Classification system expansion method based on pre-training text coding model

Technical Field

The invention belongs to the technical field of artificial intelligence, and particularly relates to a classification system expansion method based on a pre-training text coding model, which is a classification system expansion technology for carrying out self-supervision training according to the existing classification system and related word definitions.

Background

With the development of the internet and the arrival of the big data era, a large amount of available data resources are accumulated in society. How to organize heterogeneous distributed mass information, dig deeper knowledge content, and provide efficient and accurate information service for users becomes a problem of great concern.

The classification system is a semantic hierarchy composed of upper and lower relations and is an important component of the knowledge graph. The accurate and complete classification system is constructed, which is helpful for solving various problems in the fields of natural language processing, information retrieval and the like, such as query understanding, question answering systems, personalized recommendation and the like. In the world, the boundaries of network resources and human knowledge are continuously expanded, new knowledge is continuously and rapidly emerged, but the existing classification system is difficult to keep up with the increase speed, and the problem of insufficient coverage of the classification system is more prominent particularly in special fields such as 'medical treatment' and 'law'. The expansion of a classification system of large-scale data has the reasons of huge workload in a manual mode, difficulty in searching by experts and the like, and the method is very dependent on an automatic construction technology of a computer.
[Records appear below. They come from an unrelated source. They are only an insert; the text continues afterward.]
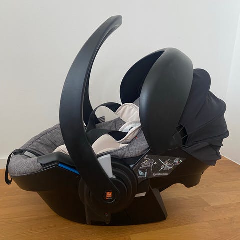 Köpt ny av oss januari 2025, hel och ren, fungerar felfritt. Basen fästs med Isofix och går att snurra. Babyskyddet går att fälla i liggläge.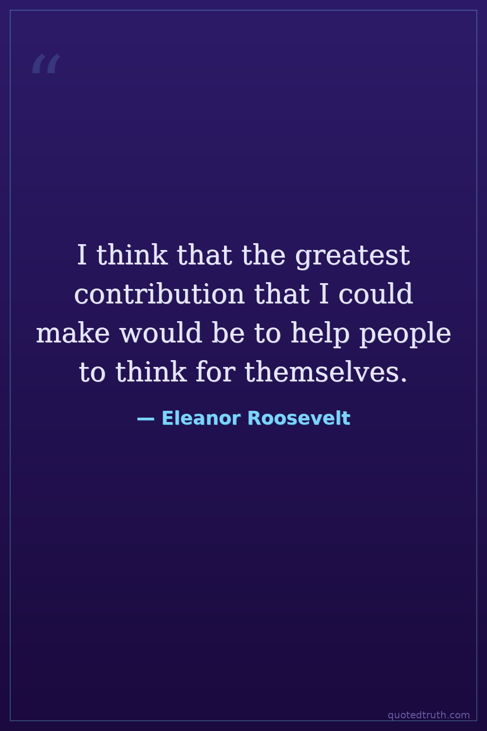 I think that the greatest contribution that I could make would be to help people to think for themselves.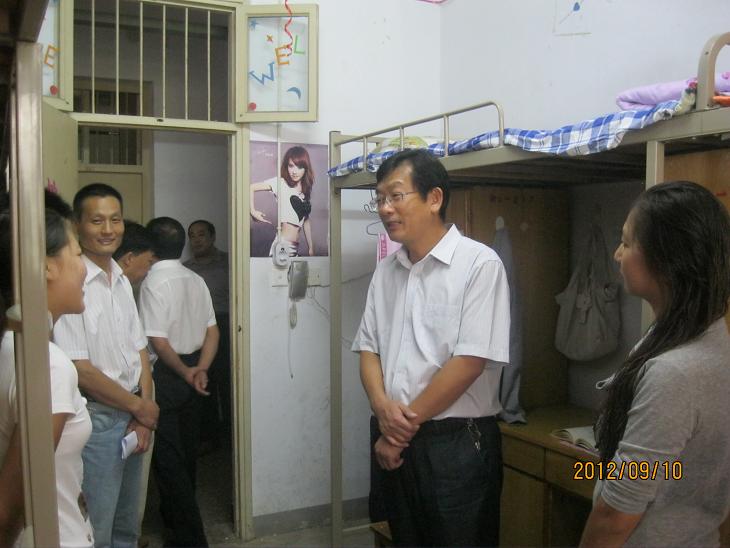 余作斌、郜火星一行深入14#学生公寓,每到一间宿舍,校领导都仔细了解学生所学专业,亲切询问新生 “对学校的安排满意不满意、适应不适应?”,“在生活上有没有什么困难?”、“想不想家?”……一句句亲切的问候,拉近了师生间的距离。他们还仔细叮嘱新生要注意安全,遵守学校相关规定,尽快适应大学生活。同时,对于新生特别提到的军训一事,校领导希望他们要做好思想准备,发扬不怕苦不怕累的精神,磨练意志,坚持到底。

This makes it important to expand the top-bottom relationship from large-scale corpora through automation of computer technology.
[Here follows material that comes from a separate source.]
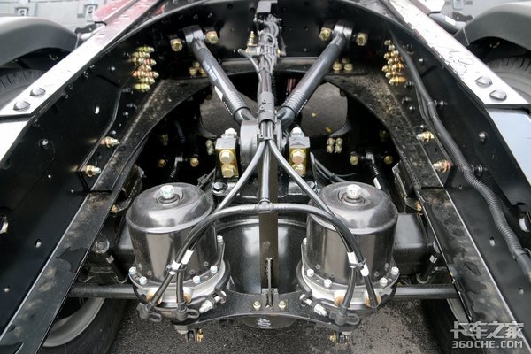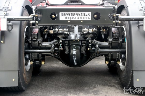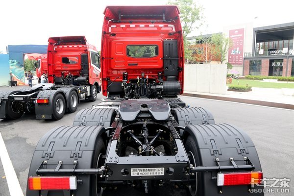 车桥及悬架方面,后桥采用11.5T的汉德425单减桥,支持10万公里长换油,保证了车辆更高的出勤率和更低的维护成本,后桥速比为3.7。整车采用前3后4的少片簧设计,有利于整车轻量化。

In recent years, significant progress has been made in methods for expanding the classification system from text corpora. The existing classification system expansion method can be mainly divided into two types, the traditional classification system expansion method mainly adopts a word method matching method based on a mode, and the method extracts the upper and lower relations from a large-scale corpus by setting a specific grammar mode so as to expand the classification system, so that a certain effect is obtained in English corpus, but the effect on Chinese corpus is poor; in recent years, with the development of deep learning and pre-training models in natural language processing, learning different text expression vectors by using the deep learning models becomes a mainstream method for improving the effect of the extension of a classification system.

However, this task is currently far from being solved, mainly for three reasons: 1. the size, topic, and quality of the text corpus may vary, and existing approaches fail to develop a generalized solution for all situations. 2. The task of expanding classification systems has not been fully studied for emerging and specific fields and in non-english and resource-deficient languages. 3. Most of the existing methods have low accuracy on the automatic method for expanding the classification system, because the language rules of the upper and lower relations in the classification system are difficult to obtain from the free text.
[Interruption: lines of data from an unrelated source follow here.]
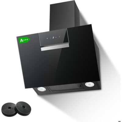 Hotte Aspirante 60cm - Hotte de Cuisine Incliné - 800 m³/h - 2 Filtres à Charbon - Recyclage & Evacuation - Noir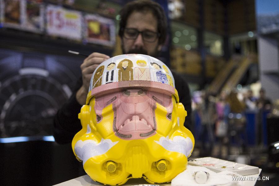 Illustrator Augusto Consthanzo works on a Stormtrooper helmet during the activity "Inspired by the Force", in the celebration of the "Star Wars Day", in Buenos Aires city, capital of Argentina, on May 4, 2015. (Xinhua/Martpin Zabala)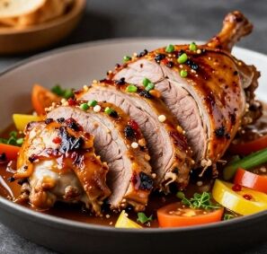 7. Maso nakrájejte na plátky a podávejte přelité omáčkou.

In conclusion, the classification system expansion based on the pre-training text coding model is an innovative research problem and has important research significance and application value.

Disclosure of Invention

The invention aims to solve the problem that a large amount of related linguistic data is needed and the accuracy is low in the expansion of the existing automatic classification system. The method comprises the steps of generating self-supervision training data under the condition that only an existing classification system, entity words needing to be inserted and an entity word definition set need to be input, and finely adjusting the existing pre-training text coding model through a dynamic deficit loss function under the support of a specific similarity deficit function, so that the classification system is expanded more accurately.

In order to achieve the purpose, the invention adopts the following technical scheme:

the classification system expansion method based on the pre-training text coding model comprises the following steps:

step 1, generating self-supervision training data

Generating data for subsequent self-supervision training without external data according to a given existing classification system and the definition of words in the classification system, wherein the part of data consists of a classification system path and the definition of words;

step 2, classification system path sampling

Through the generation of the self-supervision training data in the step 1, classification system path data which can be used for training already exists, but sampling is needed according to the training requirement to obtain a positive and negative sampling data set;

step 3, fine tuning the pre-training text coding model

Respectively inputting the positive and negative sampling data sets in the step (2) into a pre-training text coding model, and updating model parameters by using a dynamic difference loss and back propagation algorithm, so that the model is finely adjusted to have the capability of judging whether a classification system path is proper or not;

step 4, judging the position of the entity word to be inserted in the classification system

And (3) generating a candidate classification system path according to the entity word to be inserted and the word definition thereof, inputting the candidate classification system path into the model trained in the step (3), and sequencing and judging the position according to the score given by the model.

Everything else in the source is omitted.